Once a neural Bayes estimator has been trained, its performance should be assessed. Simulation-based (empirical) methods for evaluating the performance of a neural Bayes estimator are ideal, since simulation is already required for constructing the estimator, and because the estimator can be applied to thousands of simulated data sets at almost no computational cost.
To assess the accuracy of the resulting neural Bayes estimator, one
may use the function assess()
. The resulting object can
then be passed to the functions risk()
,
bias()
, and rmse()
to compute a Monte Carlo
approximation of the Bayes risk, the bias, and the RMSE, or passed to
the function plotestimates()
to visualise the estimates
against the corresponding true values:
# Assess the estimator
theta_test <- prior(1000)
Z_test <- simulate(theta_test, m)
assessment <- assess(estimator, theta_test, Z_test, estimator_names = "NBE")
#> Running NBE...
parameter_labels <- c("θ1" = expression(mu), "θ2" = expression(sigma))

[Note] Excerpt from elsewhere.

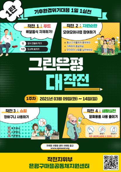 시리즈의 첫 번째로 7주 동안 진행 중인 그린은평대작전 1탄 <1일 1실천 함께 나누기>는 매주 4가지(쇼핑, 푸드, 생활실천, 자원순환) 영역의 실천사항과 기후위기 영상 시청을 주민들에게 제안하고, 매주 실천 결과를 센터 온라인 채널을 이용하여 기록, 공유하고 있다.
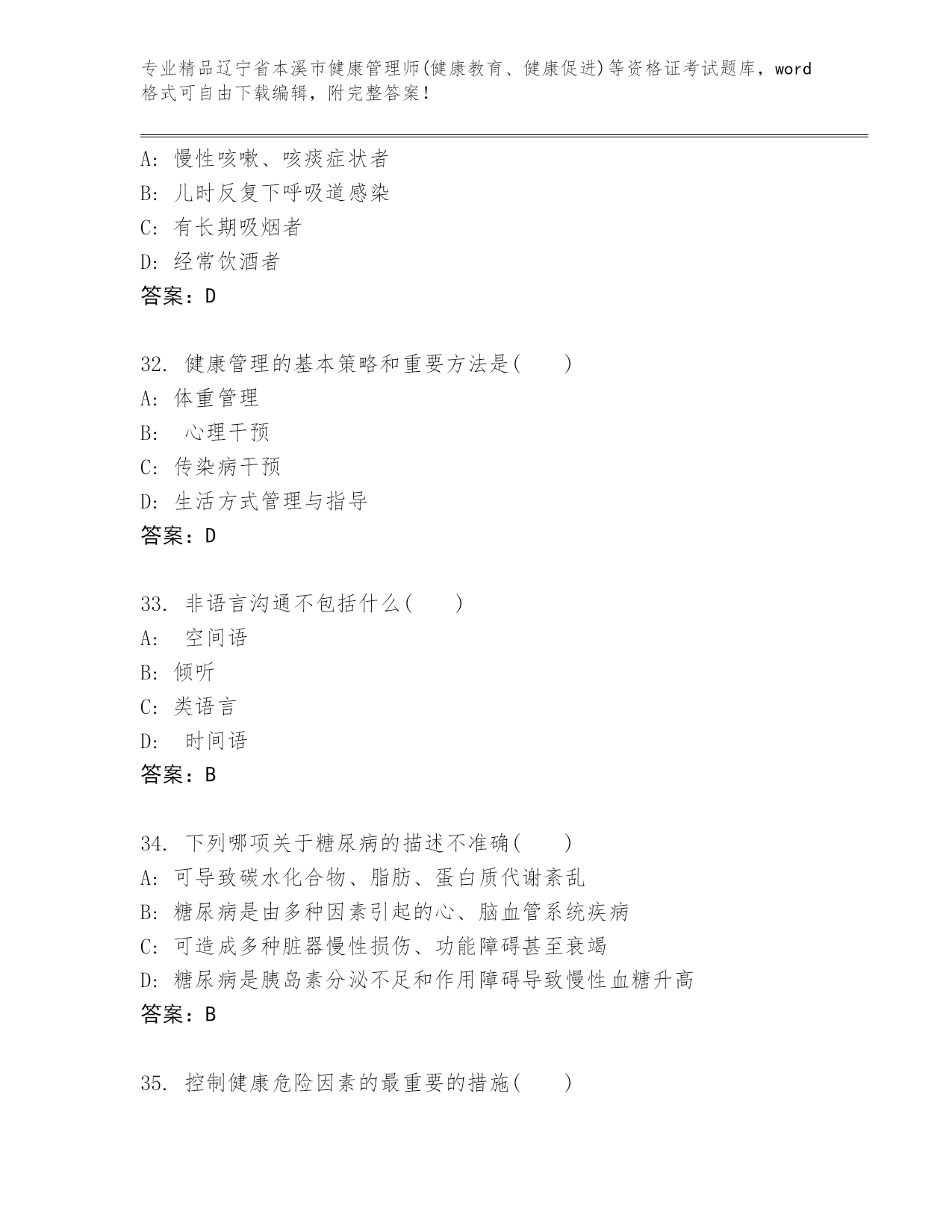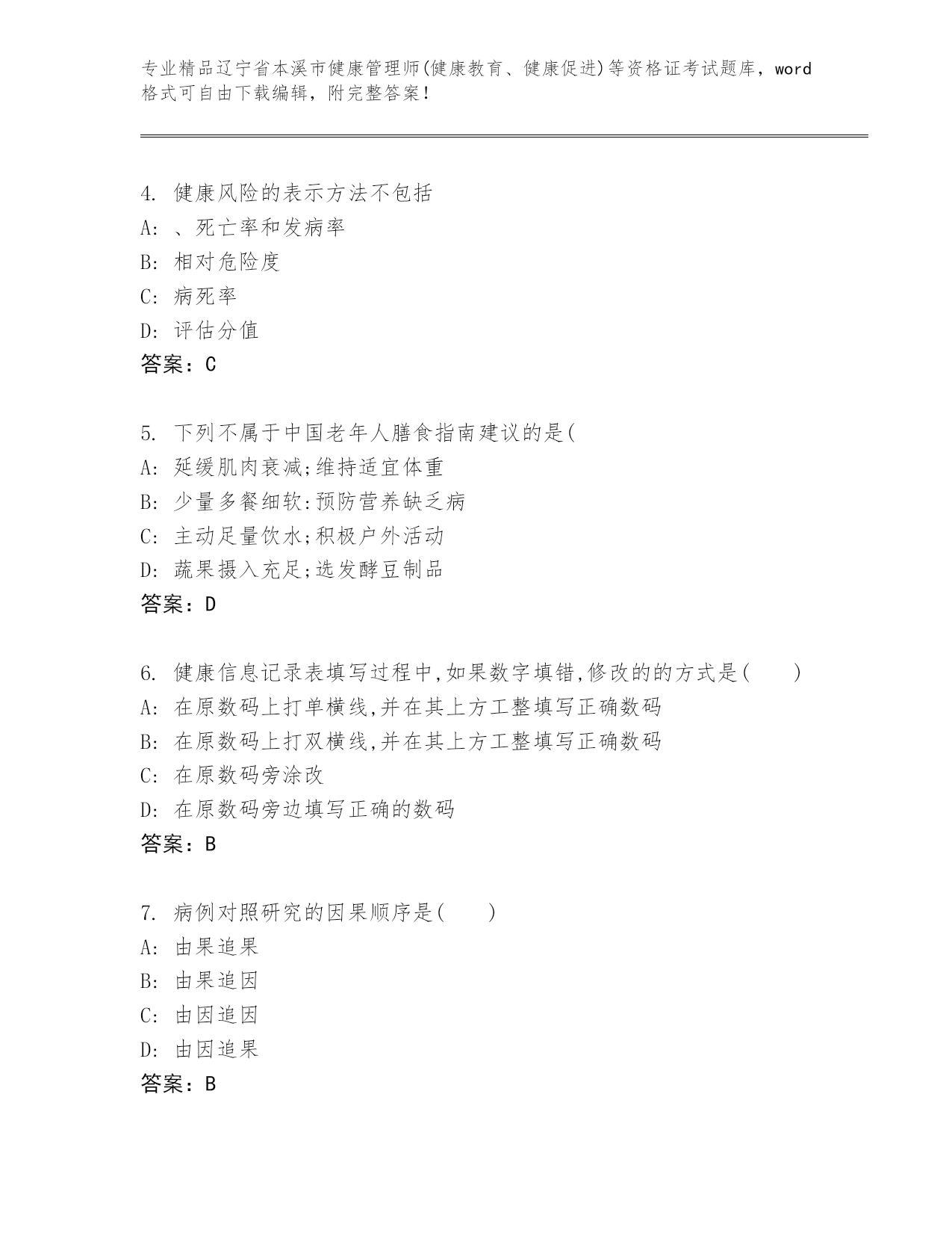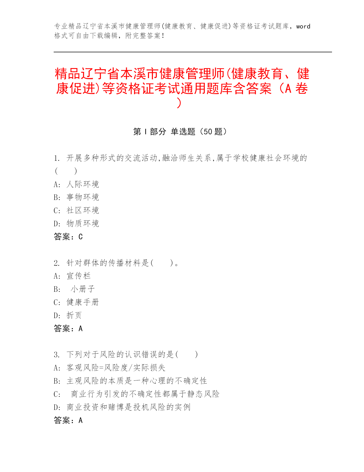 精品辽宁省本溪市健康管理师(健康教育、健康促进)等资格证考试通用题库含答案(A卷).docx

plotestimates(assessment, parameter_labels = parameter_labels)
In addition to assessing the estimator over the entire parameter
space \(\Theta\), it is often helpful
to visualise the empirical sampling distribution of an estimator for a
particular parameter configuration. This can be done by calling
assess()
with \(J > 1\)
data sets simulated under a single parameter configuration, and
providing the resulting estimates to plotdistribution()
.
This function can be used to plot the empirical joint and marginal
sampling distribution of the neural Bayes estimator, with the true
parameter values demarcated in red.
theta <- as.matrix(c(0, 0.5)) # true parameters
J <- 400 # number of data sets
Z <- lapply(1:J, function(i) simulate(theta, m)[[1]]) # simulate data
assessment <- assess(estimator, theta, Z, estimator_names = "NBE")
#> Running NBE...
joint <- plotdistribution(assessment, type = "scatter",
parameter_labels = parameter_labels)
marginal <- plotdistribution(assessment, type = "box",
parameter_labels = parameter_labels,
return_list = TRUE)
ggarrange(plotlist = c(joint, marginal), nrow = 1, common.legend = TRUE)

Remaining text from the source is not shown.